To that end, Joseph Ravitch, an investment banker formerly at Goldman Sachs, and Jeffrey A. Sine, from UBS Warburg, have been working quietly for months to assemble a firm and a fund that would involve William Morris Endeavor and Mr. Emanuel. Prior to the merger, Goldman considered organizing a purchase of Endeavor. But a deteriorating economy, coupled with a growing sense that William Morris was vulnerable, led instead to talks — with Mr. Ravitch advising Endeavor — that resulted in the current merger.

(Neither Mr. Ravitch nor Mr. Sine returned calls for this article; Mr. Emanuel declined to be interviewed.)

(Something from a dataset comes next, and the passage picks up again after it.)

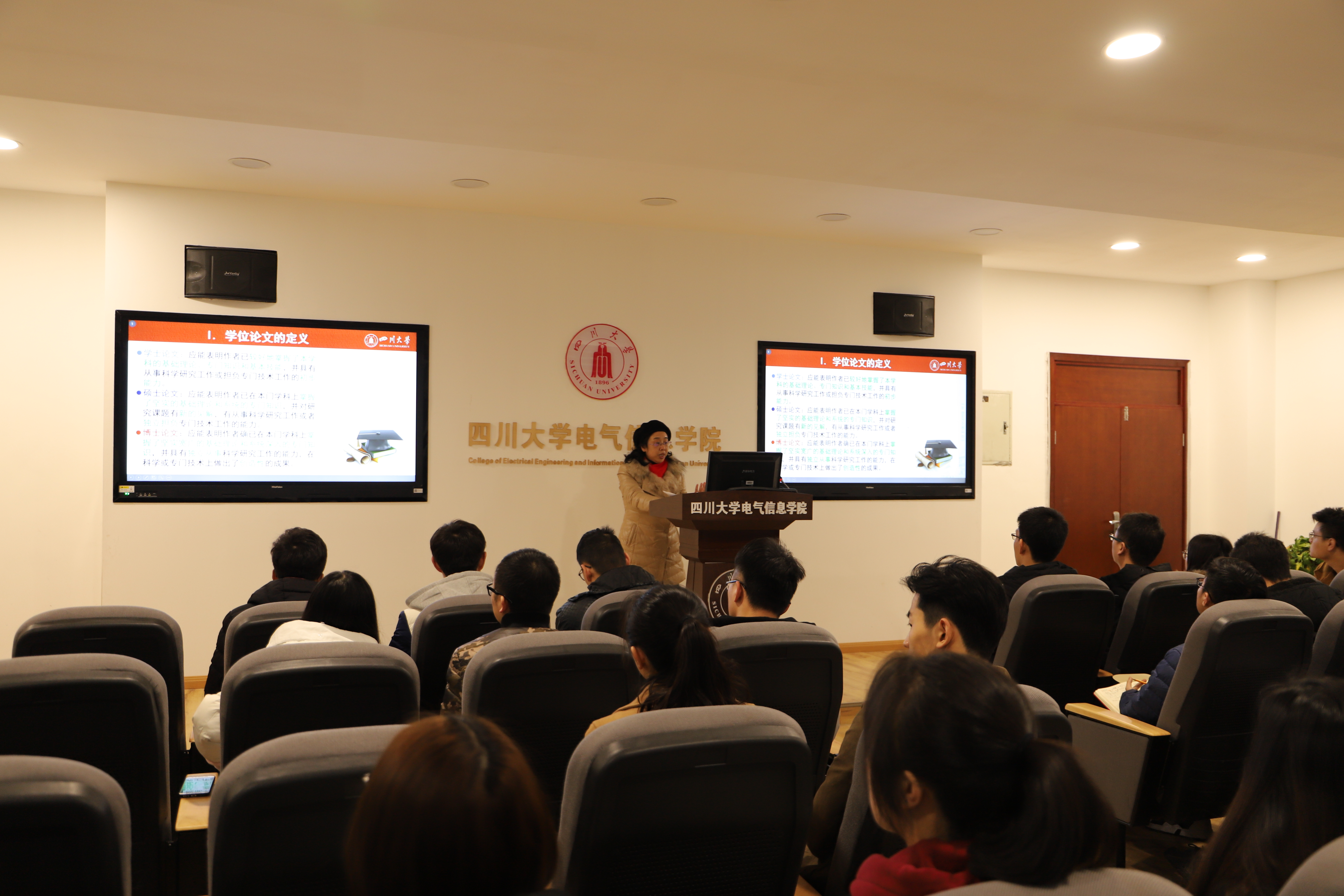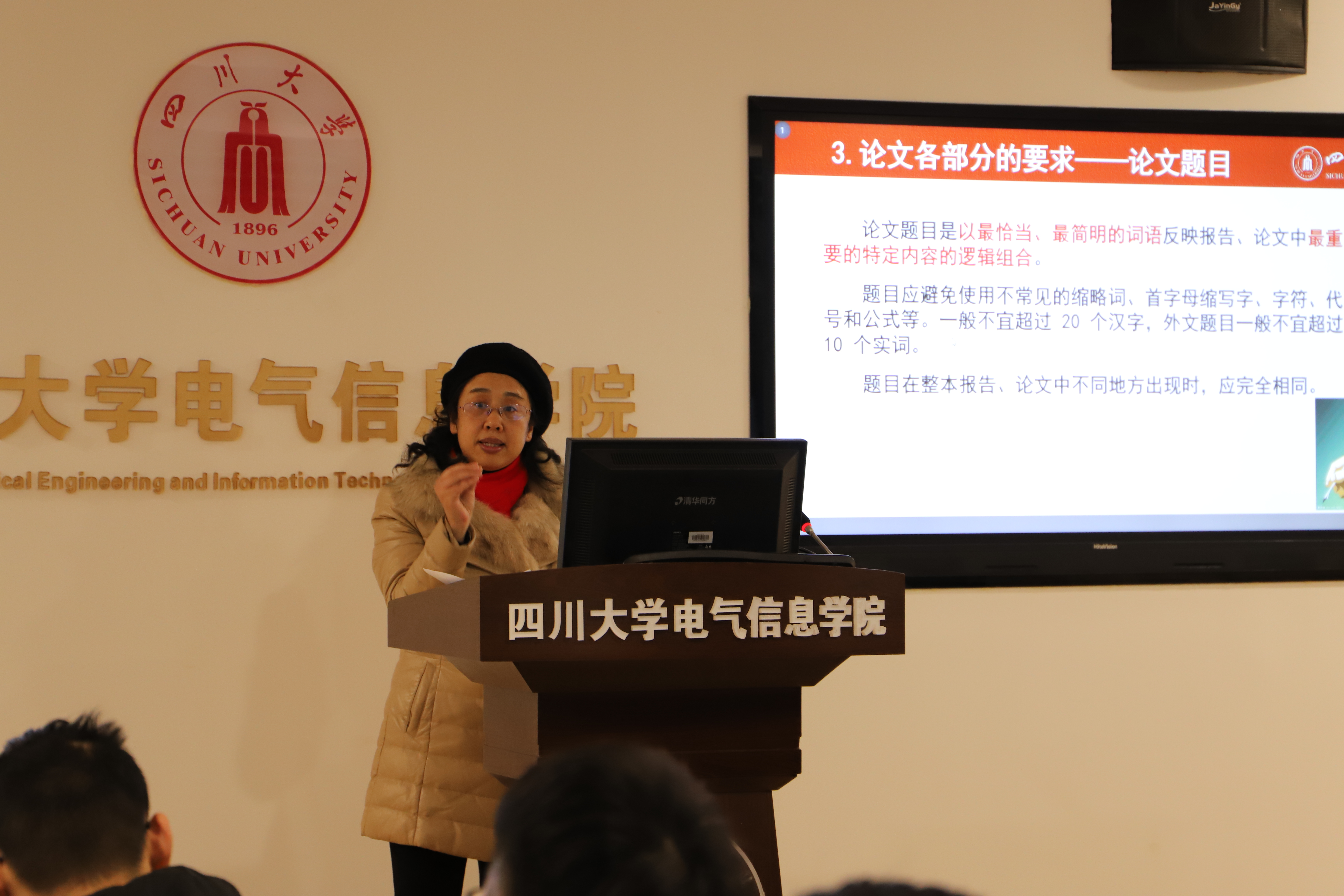 为进一步规范研究生学位论文写作,培养研究生撰写论文的严谨态度,2018年12月25日下午在望江基础教学楼B206,电气工程系赵莉华副教授为学院硕士研究生开展了学位论文写作规范讲座。本次讲座中,赵老师针对在以往指导研究生学位论文及学术论文写作中发现的问题,全面详尽地讲解了研究生论文写作的规范和方法,并通过许多实例为研究生提供了许多建议和技巧。部分大四年级的同学也参加了此次讲座。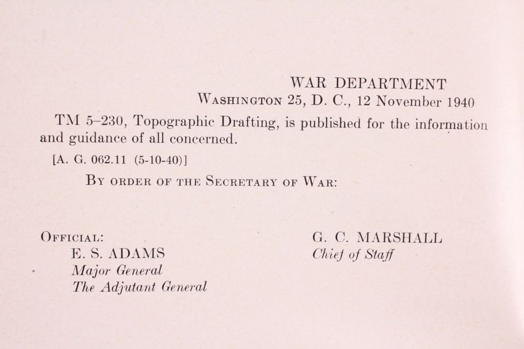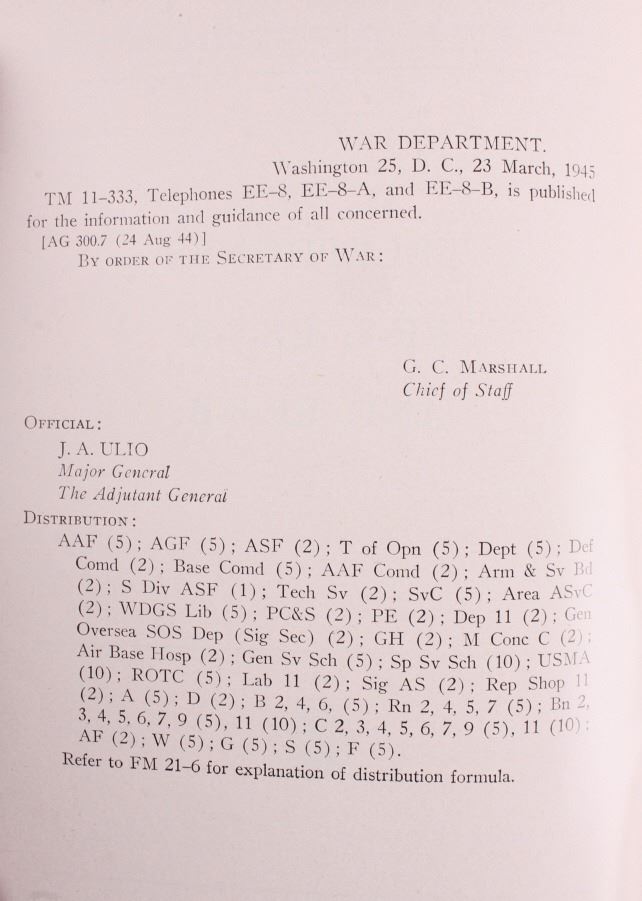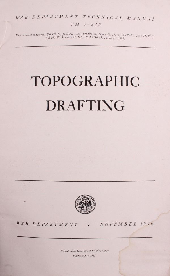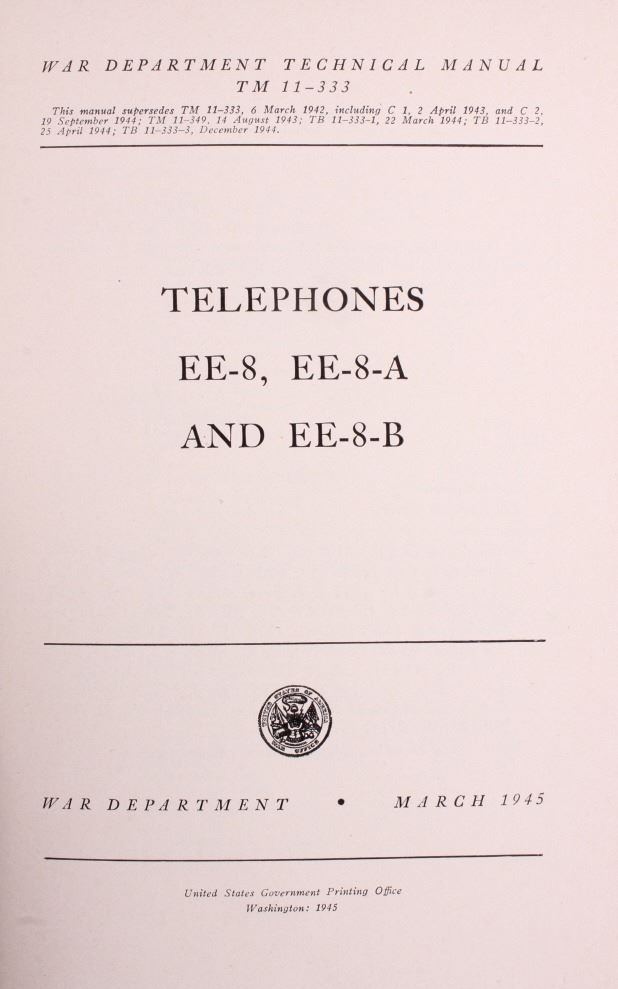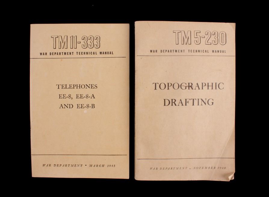 In this lot are two technical manuals from the war department in November of 1940 and March of 1945. The first of the two technical manuals is TM 5-230. This technical manual is for topographic drafting. Topographic drafting entails making maps based on aerial surveillance. The second technical manual is TM 11-333. This TM explains telephones and how to repair and operate them. These TMs are 9 1/4" x 6" x ¼”.

But people who have been briefed on the financial enterprise said Mr. Ravitch expects to have it up and running this year, giving William Morris Endeavor access to perhaps the most sought-after commodity in show business: Fresh capital.

Too, Mr. Emanuel and Patrick Whitesell, a fellow co-chief of William Morris Endeavor, have been spending time, on the golf course and off, with Theodore J. Forstmann. A friend of both, the private investor controls IMG, a powerhouse sports and media agency that produces lucrative events like fashion shows and golf tournament programming.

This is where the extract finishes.